Two of the biggest sites used to discuss software are LinkedIn and Quora. They both display the number of people who follow each software topic, so combining their figures makes sense. However, since the sites lack any focus on analytics, I have not collected their data on general purpose languages like Java, MATLAB, Python or variants of C. The results of data collected on 10/17/2015 are shown here:
We see that R is the dominant software and that moving down through SAS, SPSS, and Stata results in a loss of roughly half the number of people in each step. Lavastorm follows Stata, but I find it odd that there was absolutely zero discussion of Lavastorm on Quora. The last bar that you can even see on this plot is the 62 people who follow Minitab. All the ones below that have tiny audiences of fewer than 10.
Next let’s examine two sites that focus only on statistical questions: Talk Stats and Cross Validated. They both report the number of questions (a.k.a. threads) for a given piece of software, allowing me to total their counts:
We see that R has a 4-to-1 lead over the next most popular package, SPSS. Stata comes in at 3rd place, followed by SAS. The fact that SAS is in fourth place here may be due to the fact that it is strong in data management and report writing, which are not the types of questions that these two sites focus on. Although MATLAB and Python are general purpose languages, I include them here because the questions on this site are within the realm of analytics. Note that I collected data on as many packages as were shown in the previous graph, but those not shown have a count of zero. Julia appears to have a count of zero due to the scale of the graph, but it actually had 5 questions on Cross Validated.

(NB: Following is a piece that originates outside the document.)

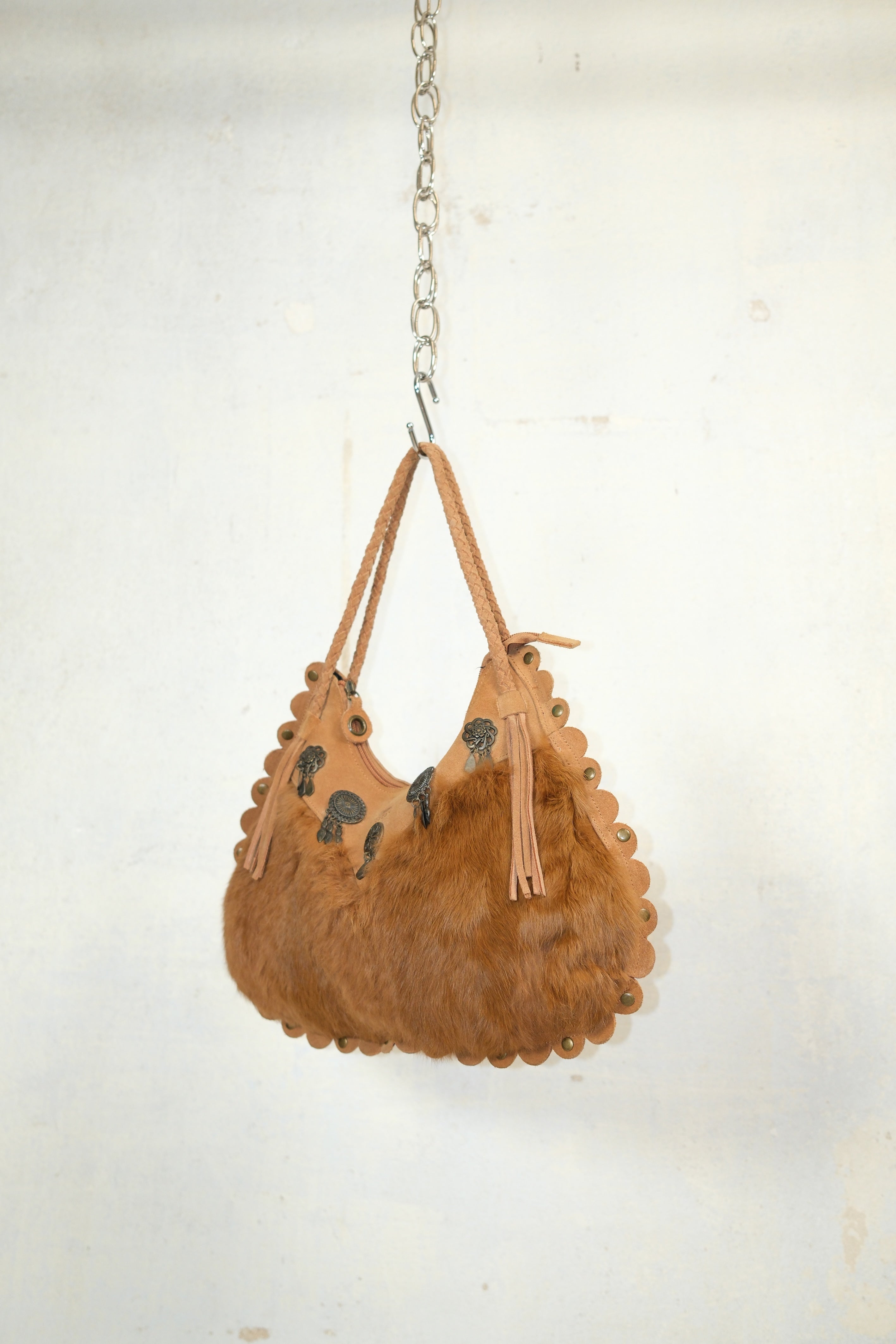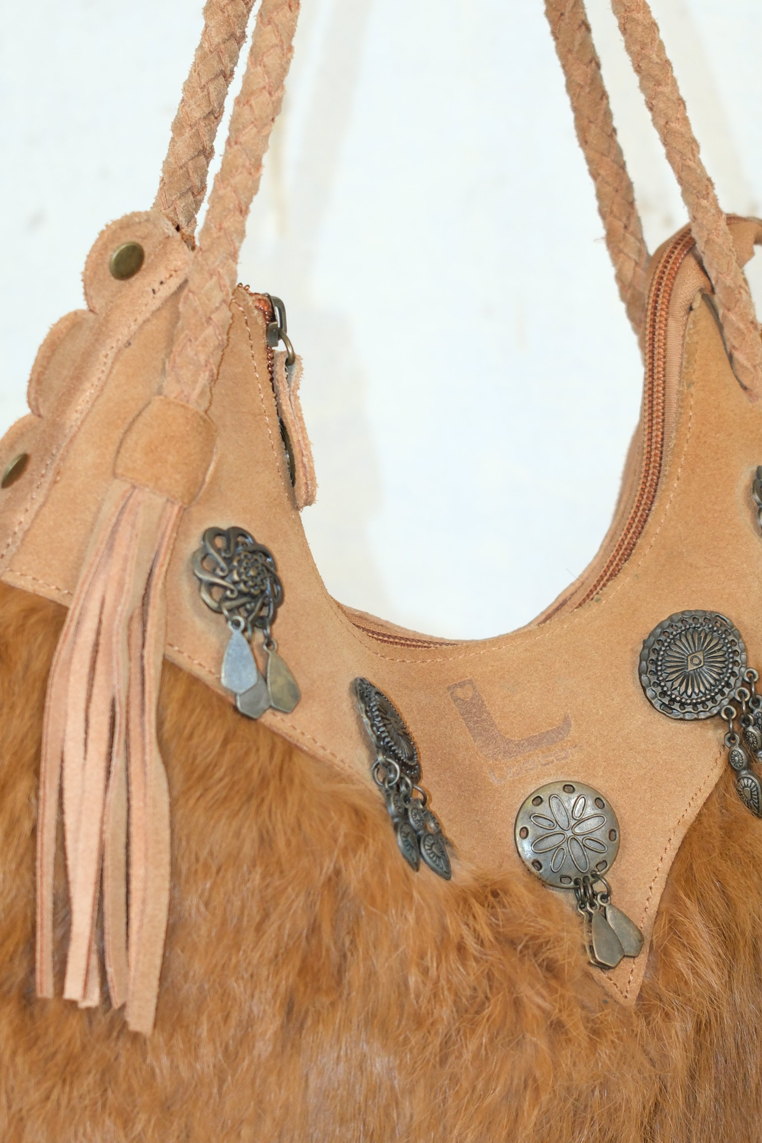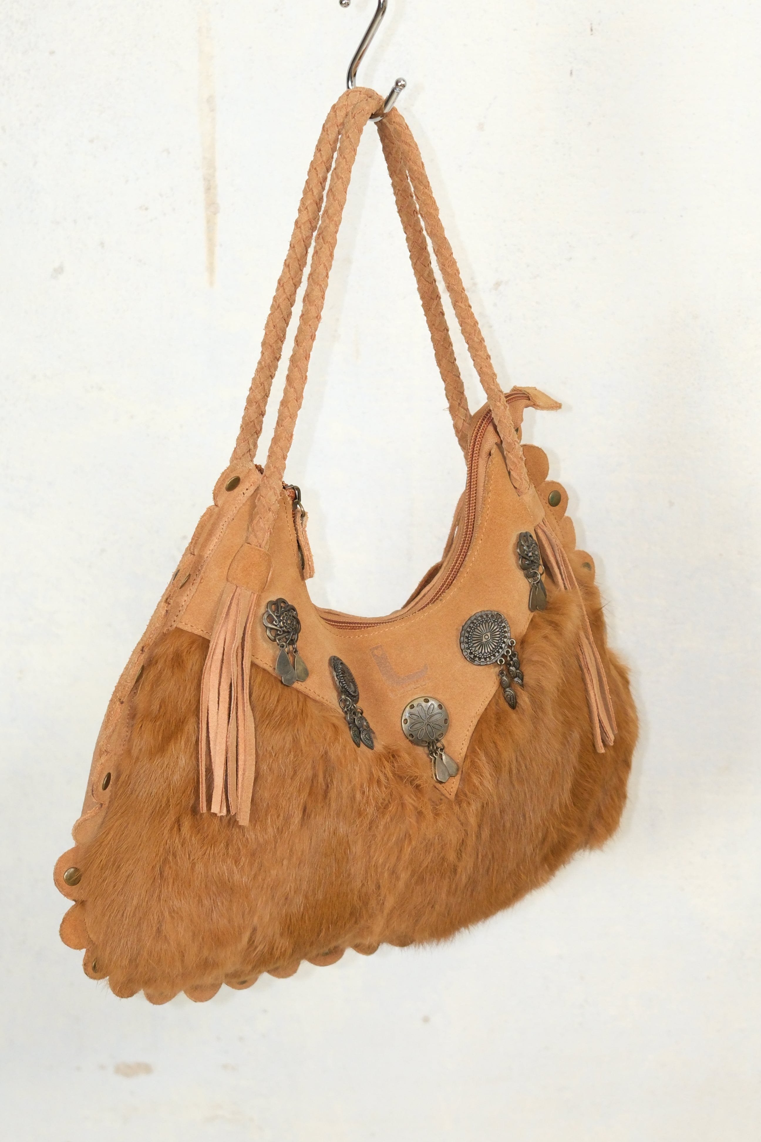 BOHO VINTAGE CAMEL BAG WITH RABBIT FUR

Programming Popularity Measures
Several web sites rank the popularity of programming languages. Unfortunately, they don’t differentiate between general-purpose languages and application-specific ones used for analytics. However, it’s easy to choose the few analytics languages their results.

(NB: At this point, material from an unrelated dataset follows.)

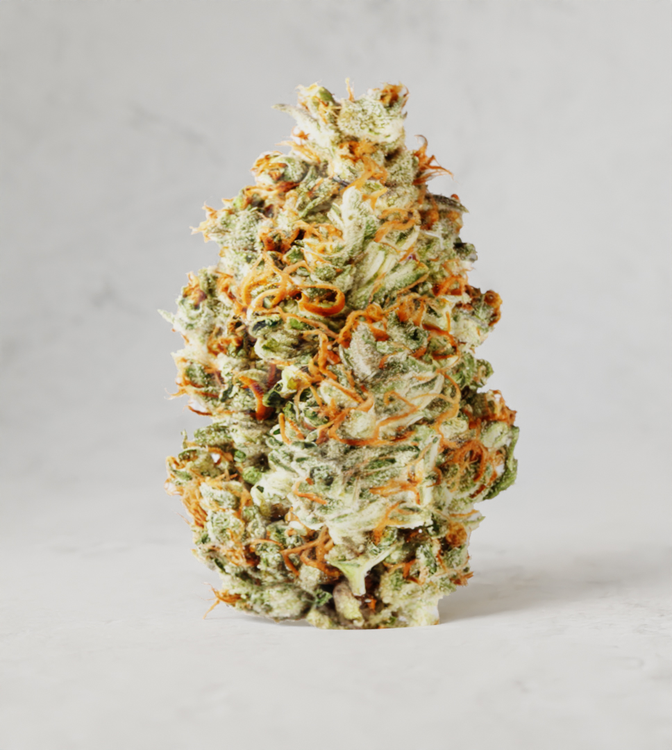 An indica dominant hybrid strain that is fast acting and leaves experienced users feeling relaxed and rejuvenated. Produced by crossing Jet Fuel Gelato and Legend Orange Apricot, this strain has pops of fruit and fuel throughout its entire smoke.
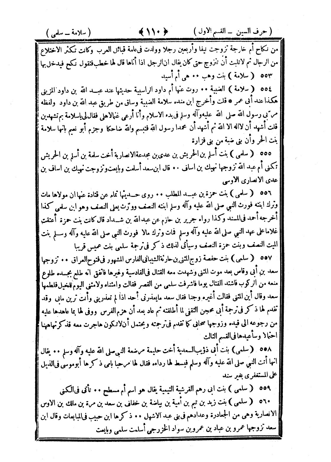 <110> من نكاح أم خارجة تزوجت نيفا وأربعين رجلا وولدت في عامة قبائل العرب وكانت تكثر الإختلاع من الرجال ثم لا تلبث أن تتزوج حتى كان يقال إن الرجل إذا أتاها قال لها خطب فتقول نكح فيدخل بها سلامة بنت وهب هي أم أسيد سلامة الضبية روت عنها أم داود الراسبية حديثها عند عبد الله بن داود المزني هكذا عند أبي عمر قلت وأخرج بن مندة سلامة الضبية وساق من طريق عبد الله بن داود ولفظه مر بي رسول الله صلى الله عليه وسلم في بدء الإسلام وأنا أرعى غنما لأهلي فقال لي يا سلامة بم تشهدين قلت أشهد أن لا إله إلا الله ثم أشهد أن محمدا رسول الله فتبسم والله ضاحكا وجزم أبو نعيم بأنها بنت الحر وأن بني ضبة من بني فزارة سلمى بنت أسلم بن الحريش بن عدي بن مجدعة الأنصارية أخت سلمة بن أسلم بن الحريش تكنى أم عبد الله تزوجها نهيك بن إساف قال بن سعد أسلمت وبايعت وتزوجت نهيك بن إساف بن عدي الأنصاري الأوسي سلمى بنت حمزة بن عبد المطلب روى حديثها تمام عن قتادة عنها أن مولاها مات وترك ابنته فورث النبي صلى الله عليه وسلم ابنته النصف وورث يعلى النصف وهو بن سلمى كذا أخرجه أحمد في المسند وكذا رواه جرير بن حازم عن عبد الله بن شداد قال كانت بنت حمزة أعتقت غلاما على عهد النبي صلى الله عليه وسلم فمات وترك مالا فورث النبي صلى الله عليه وسلم بنت الميت النصف وبنت حمزة النصف وسيأتي لذلك ذكر في ترجمة سلمى بنت عميس قريبا سلمى بنت حفصة زوج المثنى بن حارثة الشيباني الفارس المشهور في فتوح العراق تزوجها سعد بن أبي وقاص بعد موت المثنى وشهدت معه القتال في القادسية وغيرها فاتفق أنه طلع بجسده طلوع منعه من الركوب فاشتد القتال يوما فأشرفت سلمى من القصر فقالت وامثناه ولا مثنى اليوم للخيل فلطمها سعد وقال أين المثنى فقالت أغيرة وجبنا فقال سعد ما يعذرني أحد إذا لم تعذريني وأنت ترين ما بي وقد تقدم لها ذكر في ترجمة أبي محجن الثقفي لما أطلقته ثم عاد بعد أن هزم الفرس ووفى لها بما عاهدها عليه من رجوعه الى قيده وزوجها صحابي كما تقدم في ترجمته ويحتمل ألا تكون هاجرت معه فذكرها احتمالا وسأعيدها في القسم الثالث سلمى بنت أبي ذؤيب السعدية أخت حليمة مرضعة النبي صلى الله عليه وسلم يقال إنها أتت النبي صلى الله عليه وسلم فبسط لها رداءه وقال لها مرحبا بأمي ذكرها أبو موسى في الذيل عن المستغفري بغير سند سلمى بنت أبي رهم القرشية التيمية يقال هو اسم أم مسطح تأتي في الكنى سلمى بنت زيد بن تيم بن أمية بن بياضة بن خفاف بن سعد بن مرة بن مالك بن الأوس الأنصارية وهي من الجعادرة وعدادهم في بني عبد الأشهل ذكرها بن حبيب في المبايعات وقال بن سعد تزوجها عمرو بن عباد بن عمرو بن سواد الخزرجي أسلمت سلمى وبايعت §

The most comprehensive of these sites is the IEEE Spectrum Ranking. This site combines 12 metrics from 10 different sites. These include some of the measures discussed above, such as popularity on job sites and search engines. They also include fascinating and useful measures such as how much new programming code was added to the popular GitHub repository in the last year. This figure shows their top 10 languages for 2015:
We see that R is in 6th place and that it has increased from 9th place in 2014. Not shown on this is SAS in 26th place. Python is ranked in 4th place, but that’s for all purposes, while the use of R is more focused on analytics. No other analytics-specific language makes it in their rankings at all. This ranking is based on a weighted composite score and the site is interactive, allowing you to generate a ranking more suited to your needs.

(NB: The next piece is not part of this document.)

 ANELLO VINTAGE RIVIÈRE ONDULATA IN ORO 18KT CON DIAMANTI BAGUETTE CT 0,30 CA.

The next most comprehensive analysis is provded by RedMonk. Their analysis is simple and objective. They plot the number of lines of code written using each language on the popular Github repository against the number of tagged comments on the discussion forum StackOverflow.com. Here is the result:
Moving from the upper right corner downward the lower left, we can see that Redmonk’s approach shows R as a very popular language, around 12th place. Although a substantial amount of the metrics for Python, MATLAB, and Julia may be due to analytics use, we have no way of knowing how much.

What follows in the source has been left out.